Overall, their COIL connections led to experiences of personal growth for our students due to having to overcome the challenges of international communication. ‘Sometimes, it was hard to catch the accent of our international peers,’ said an Indian student before adding with self-awareness.

They faced a similar issue understanding our Indian accent. But then, in just a few meetings, it was gone. We managed to understand each other’s accents and perspectives. I was able to gain global perspectives and knowledge of theories, ways of practice, and use of technology that I shall be using in my future endeavors working in the field as a social worker.

A US student saw this same skill development as giving her a new ability to express herself and communicate transnationally. ‘One new global response ability that this class was able to teach me was the value in my voice.’ And another US student echoed: ‘This … transformative experience … gave me personal insight and, more importantly, international friends and made me realize my spiritual connection as a global citizen.’ Such reflections, we think, indexed the deep interconnectedness of cosmopolitical engagement made possible through the COIL approach – the spiritual reference perhaps even pointing to a kind of insurgent cosmopolitics imagined outside of universalistic arguments about global citizenship (on religious ruptures with even insurgent appeals to universality see Seth Citation2022).

Section 3: GCE lessons about global health sub-citizenship in the pandemic

While a reference to ‘spiritual connection’ might also sound glib or aethereal and insensitive to real-world power relations, many of our students who reported personal growth in the COIL nevertheless further connected it to learning about power asymmetries. To be specific, they linked it with learning about their own privilege vis-a-vis others in both India and America who they came to realise through their research were being made extra-vulnerable to COVID because of oppressive social structures. The transnational reach of their collaborative research into such structures worked in this context to make the power relations of domination and sub-citizenship more obvious to many students at the same time as highlighting their own relative enfranchisement as global subjects with health citizenship rights. An Indian student reflected that:

To understand the depth of the crisis that other people are facing on a very different side of the world somehow made me feel connected to them more. I can now see structures that are oppressive and dominating through the different corners of this world.

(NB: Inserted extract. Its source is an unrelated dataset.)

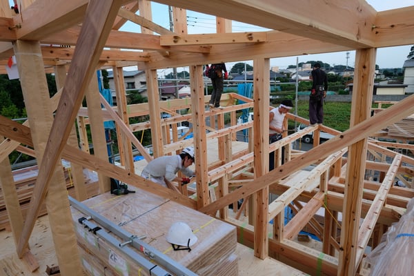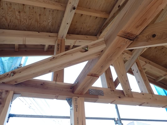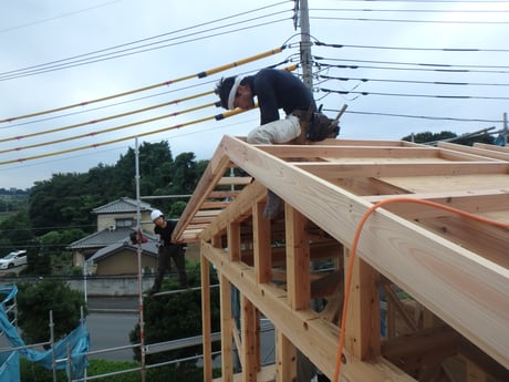 外来の工法2×4などでは床を先行しますが雨が多い日本では屋根を先に施行し、構造材を雨から守りながら施工するのが古来からの工法です。

Likewise an American student wrote that:

I learned many things from this course that have changed my perspective on my place within global issues. I got a job working in the Department of Public Health in Los Angeles county because although I may not be able to change the world by myself, I can become more involved in the healthcare of my community and ensure that I am actively doing something to change the health of those who are marginalized.

This same American student also used the critical vocabulary about neoliberalism that we had introduced in our teaching to come to terms with a major driver of healthcare marginalization. The course, she said, ‘taught me the possibilities of global organizing at a time where neoliberalism makes it increasingly difficult for certain groups to access healthcare as well as other necessities because so many value profit over people.’

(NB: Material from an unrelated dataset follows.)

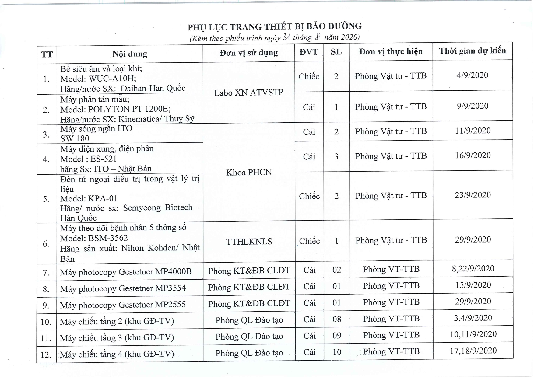Kế hoạch bảo dưỡng trang thiết bị tháng 7/2020 03/07/2020 08:16' AM

Three other major axes of social power and sub-citizenship that many students came to comparative global terms with through their international collaborations were patriarchy, ethnic marginalisation and housing insecurity. While intersecting with neoliberalism in causing embodied experiences of vulnerability in the pandemic, and while also therefore driving disenfranchisement from health rights, students nevertheless noted through their comparisons some important contrasts in how exactly they came to cause sub-citizenship in the two different country contexts.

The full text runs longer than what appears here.